Programming languages are designed with many different goals in mind. As language designers we imagine a typical user of our language and a typical task to perform. Then we apply other design criteria, for example, the program must run fast or conserve memory, or it must not experience certain types of errors. Finally there are constraints on the implementation, for example, the program must run on a certain class of hardware or in a given environment, or it must support some form of compatibility with another language. Or maybe we want to optimize the developer experience, for example, we want a fast compiler and linker, or we want the user to get to running code quickly.
Often our ambitions and practicalities don't match. Users (ab)use the language for purposes we had never anticipated. A target platform becomes obsolete -- or wildly successful. Users keep making the same mistakes over and over. Another language popularizes features that we wish our language had. Security vulnerabilities could be unpluggable. Lawyers could even get involved. What's a language designer to do?

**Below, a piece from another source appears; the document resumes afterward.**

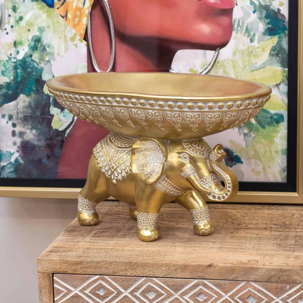SIGNES GRIMALT Décoration Résine : Eléphant doré et Plateau Vide-Poche, Collection Glory, Longueur 29 cm
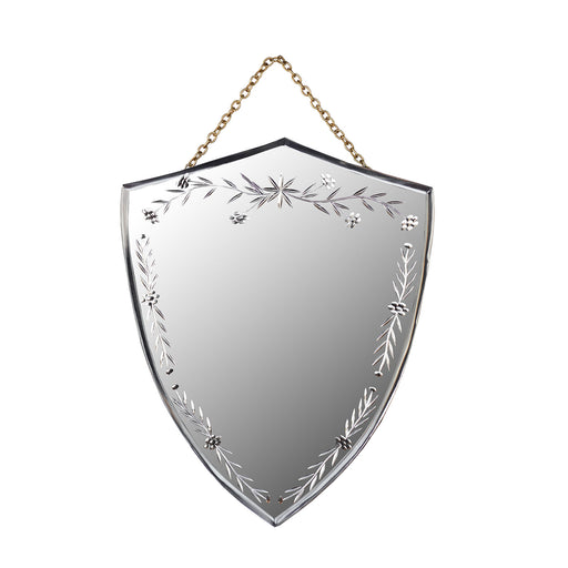 Set atop a wood base, the bevel-edged Elle Shield Mirror is etched around its perimeter with an evergreen and berry motif. The small accent mirror ...

You can retreat in maintenance (Tcl/Tk), design an ambitious new language (Perl 6), or build a translator (TypeScript). Most languages evolve, more or less successfully.
I invite you to pepper me with questions covering these topics, especially (but not exclusively) when it comes to Python.
Bio:
Guido van Rossum is the creator of the Python programming language. He grew up in the Netherlands and studied at the University of Amsterdam, where he graduated with a Master's Degree in Mathematics and Computer Science. His first job after college was as a programmer at CWI, where he worked on the ABC language, the Amoeba distributed operating system, and a variety of multimedia projects. During this time he created Python as side project. He then moved to the United States to take a job at a non-profit research lab in Virginia, married a Texan, worked for several other startups, and moved to California. In 2005 he joined Google, where he obtained the rank of Senior Staff Engineer, and in 2013 he started working for Dropbox as a Principal Engineer. In October 2019 he retired. After a short retirement he joined Microsoft as Distinguished Engineer in 2020. Until 2018 he was Python's BDFL (Benevolent Dictator For Life), and he is still deeply involved in the Python community. Guido, his wife and their teenager live in Silicon Valley, where they love hiking, biking and birding.